Each state has its own set of securities laws and regulations designed to protect investors against fraudulent sales practices. Although laws vary from state to state, most states require security offerings to be registered before being sold in that state, unless a specific-state exemption applies or such securities are regulated exclusively by Section 18 of the Securities Act, which pre-empts state law application. States may also require registration of personnel or entities engaged in securities and investment activities, unless an exemption is available.

Derivatives

Transactions in Commodity Interests are governed by the Commodity Exchange Act (CEA), as amended by Title VII of the Dodd-Frank Act, and the rules, orders and interpretations of the Commodity Futures Trading Commission (CFTC).

Insurance

Each state has its own insurance laws and regulations. Insurance products that have links to any securities or securities products will also be governed by securities regulators. 

Federal regulations: The Bank Secrecy Act (BSA) generally requires money services businesses (MSB) to register with FinCEN and establish anti-money laundering (AML) programs, recordkeeping, and certain transaction reporting. The USA PATRIOT Act amended the BSA to strengthen AML program requirements, conduct customer due diligence, and enhance customer identification programs.
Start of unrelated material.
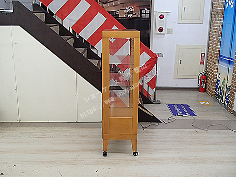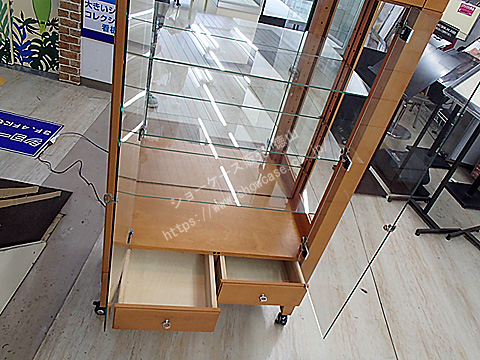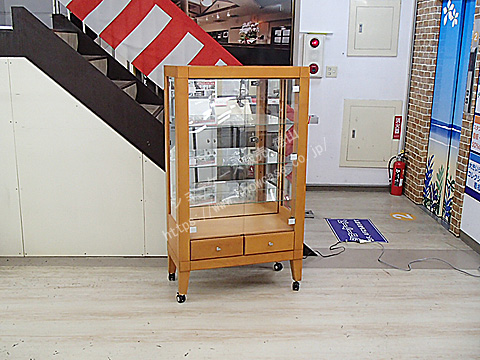 | 都内の仏壇店から買い取ってきた国産オーダーメイドの木製平ケースです。 腰部には引き出しの収納ストッカーが2つついていて便利です。 周囲が透明ガラスでないため中が暗くなりがちですが、天井にダウンライトがついているので問題ありません。 背面は鏡になっていて展示品の背中側も映し出してくれます。 |

State regulations: Each state has laws and regulations applicable to money transmission businesses. While there are efforts to harmonize these regulations, currently these regulations vary state by state in terms of licensing requirements, exemptions and regulatory interpretation. Many states also have regulations designed to protect consumers who use money transmission services.

All financial institutions

The BSA, the USA PATRIOT Act, as well as regulations promulgated by FinCEN and the Office of Foreign Assets Control (OFAC), contain the laws, rules and regulations concerning anti-money laundering controls, processes, reporting, disclosure and other requirements applicable to most financial institutions and other businesses conducting activities that could raise money laundering risks.